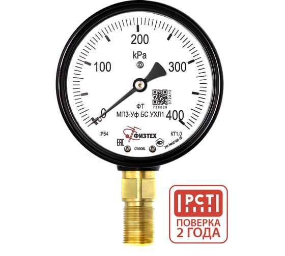 Манометр пылевлагозащищенный ПО Физтех, АО МП3-Уф 0-400 кПа кт.1,0 d.100 IP54 M20_1,5 РШ БС УХЛ1 4687205628770
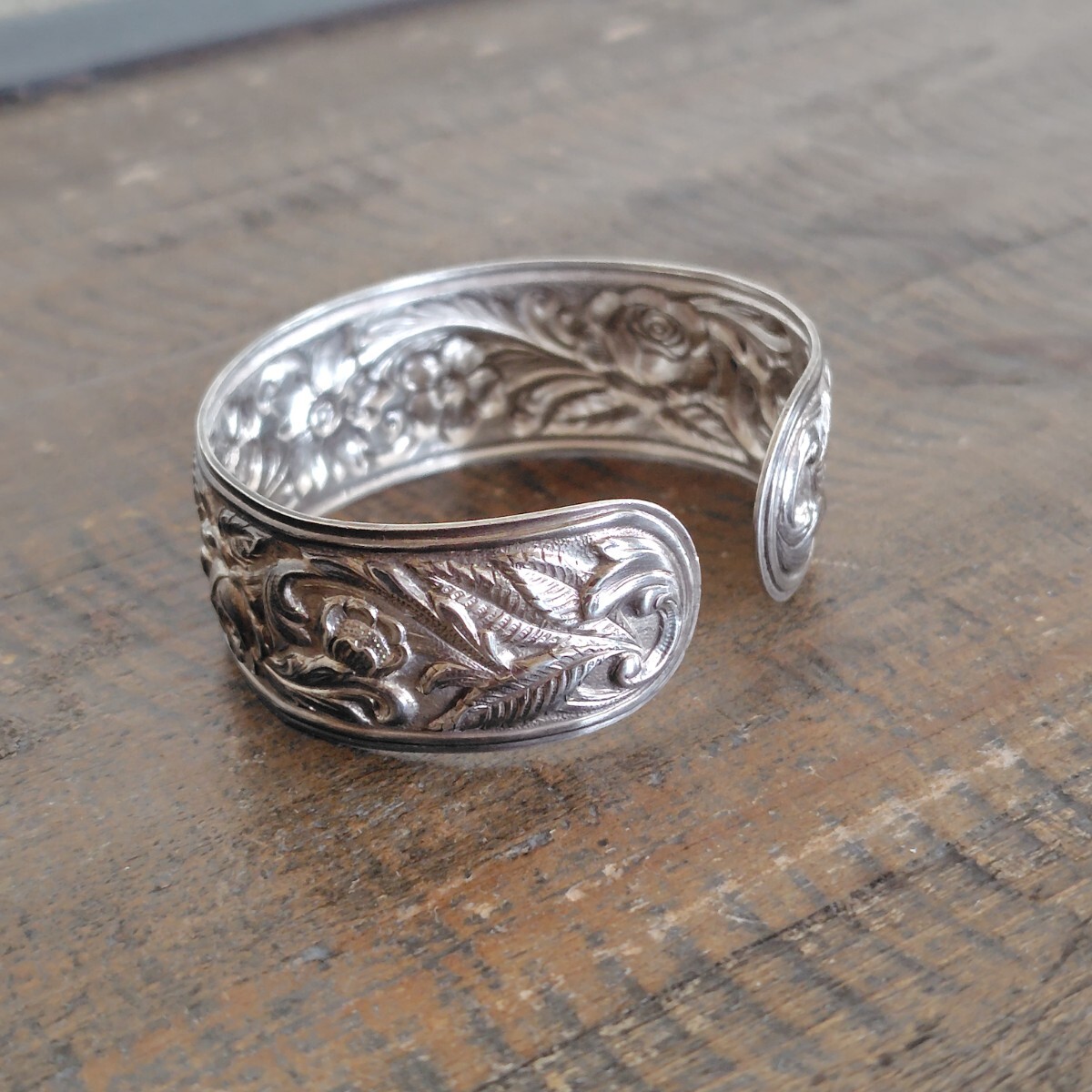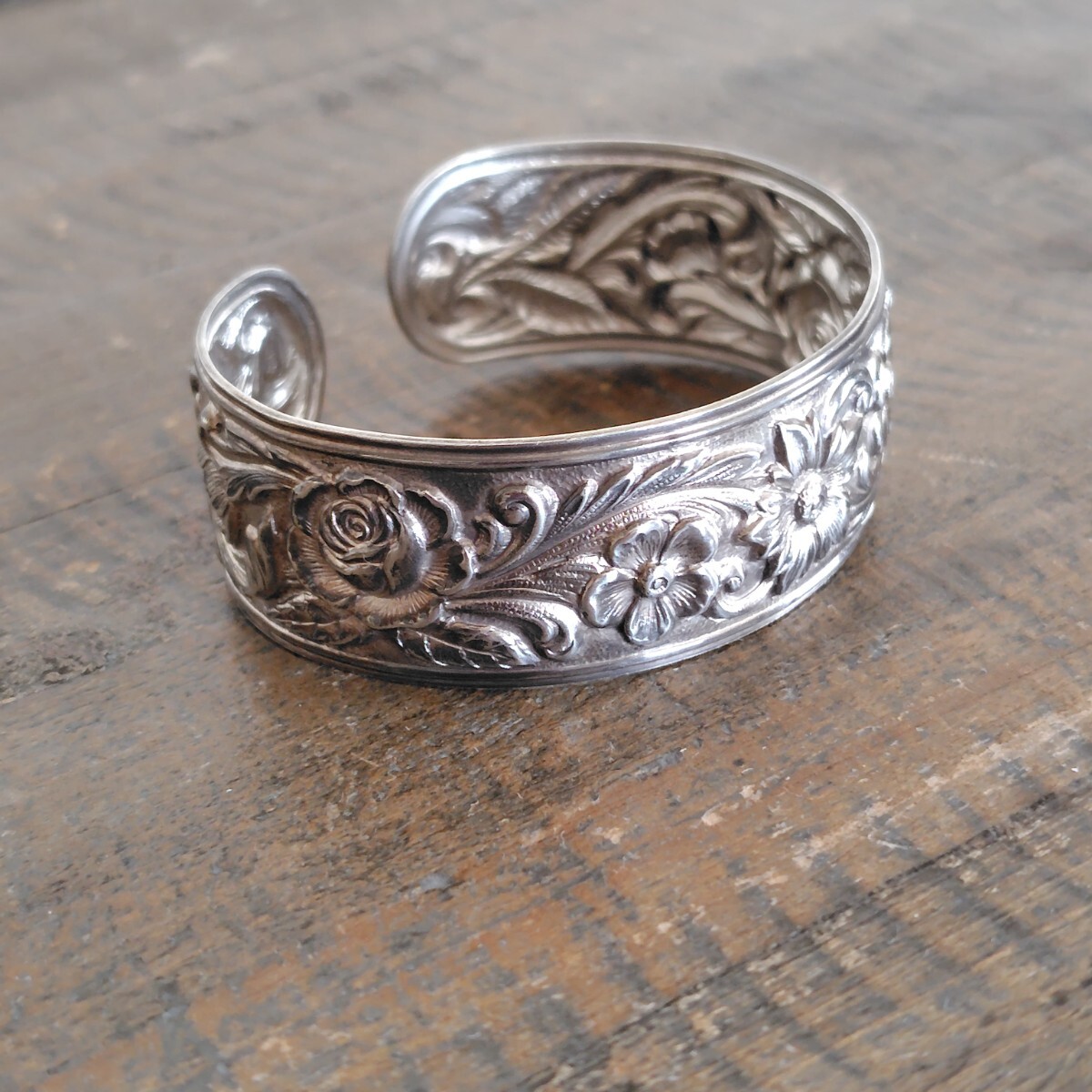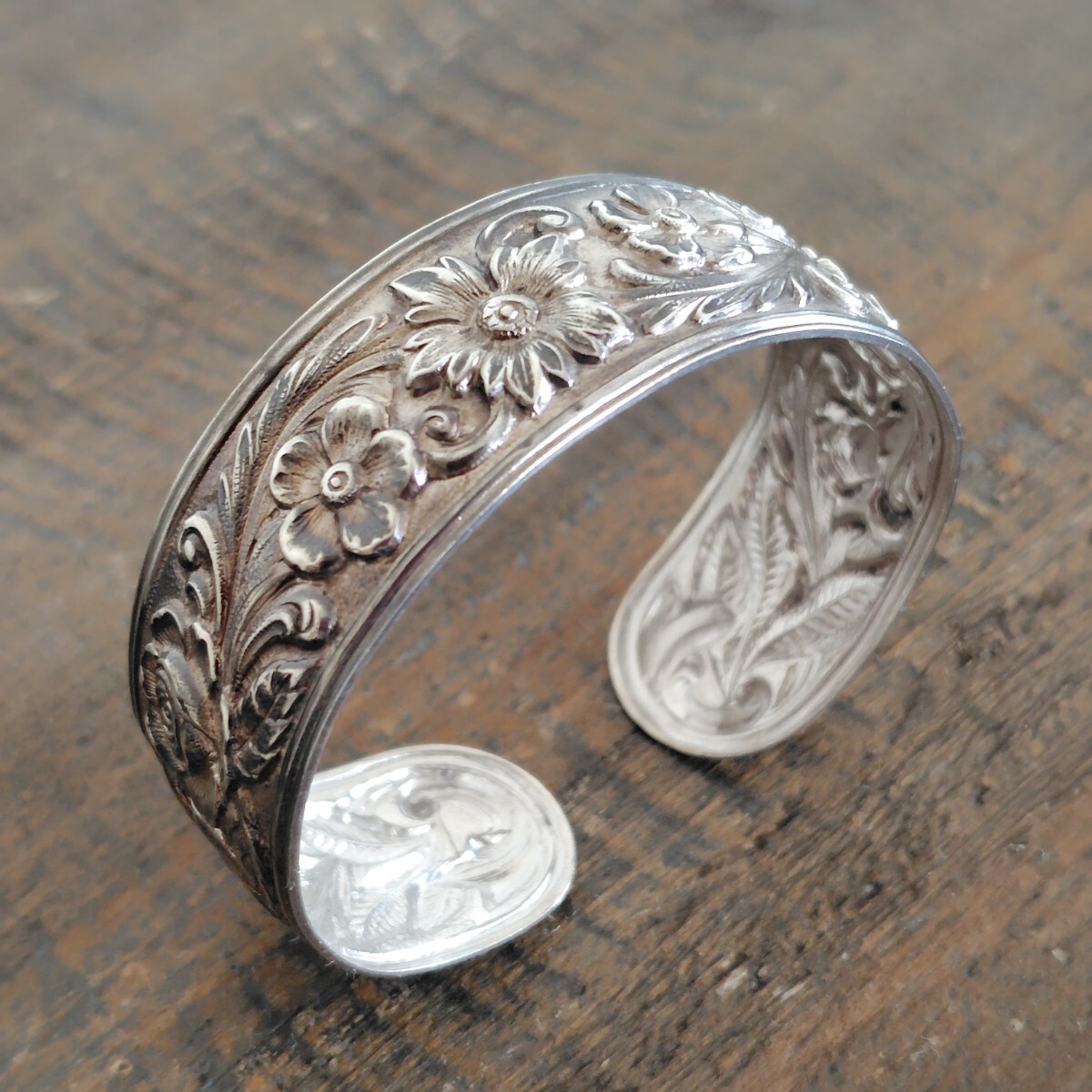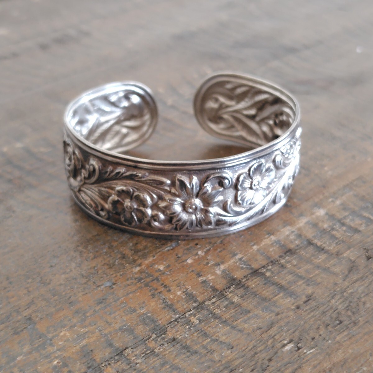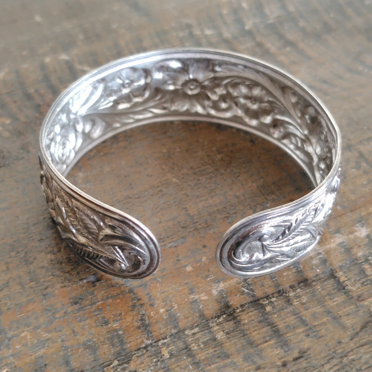 ヴィンテージ S Kirk & Son シルバー カフ バングル ブレスレット リポウズ フラワー
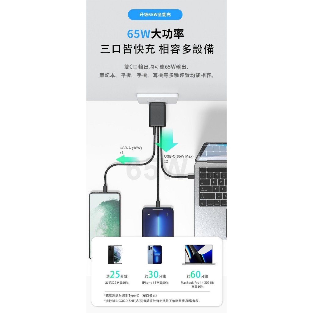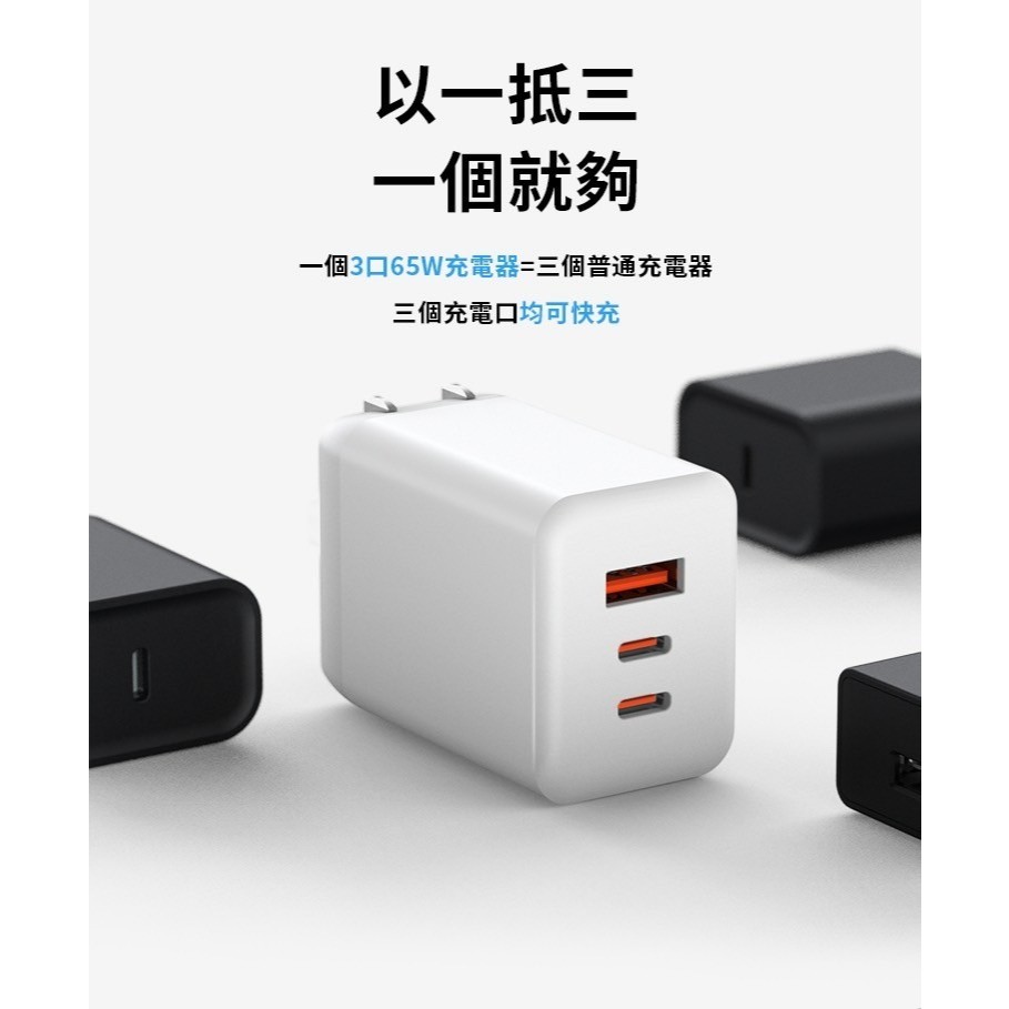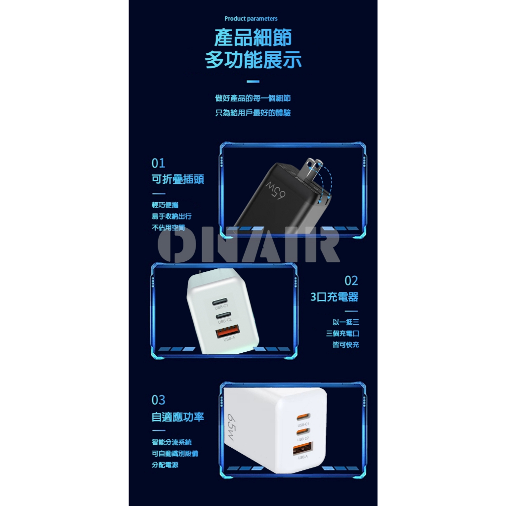 • ONAIR 65W 摺疊 插頭 GaN 氮化鎵 充電頭 快充頭 USB Type-C 快充 三孔 IPhone
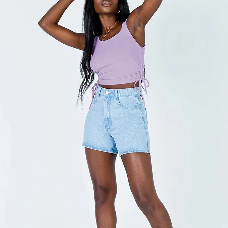 Name | Summer New Fashion Trend Pleated Top Ribbed Drawstring Slim Fit Sleeveless Crop Top For Women Casual Sexy Tank Top | ||||||

- - -

● PROBLEM TO SOLVE: Exact copy, pictures omitted: every line from the one holding "ヴィンテージ S Kirk" through the last line of the data above, and nothing else.

● ANSWER TO THIS EXERCISE:
 ヴィンテージ S Kirk & Son シルバー カフ バングル ブレスレット リポウズ フラワー
 • ONAIR 65W 摺疊 插頭 GaN 氮化鎵 充電頭 快充頭 USB Type-C 快充 三孔 IPhone
 Name | Summer New Fashion Trend Pleated Top Ribbed Drawstring Slim Fit Sleeveless Crop Top For Women Casual Sexy Tank Top | ||||||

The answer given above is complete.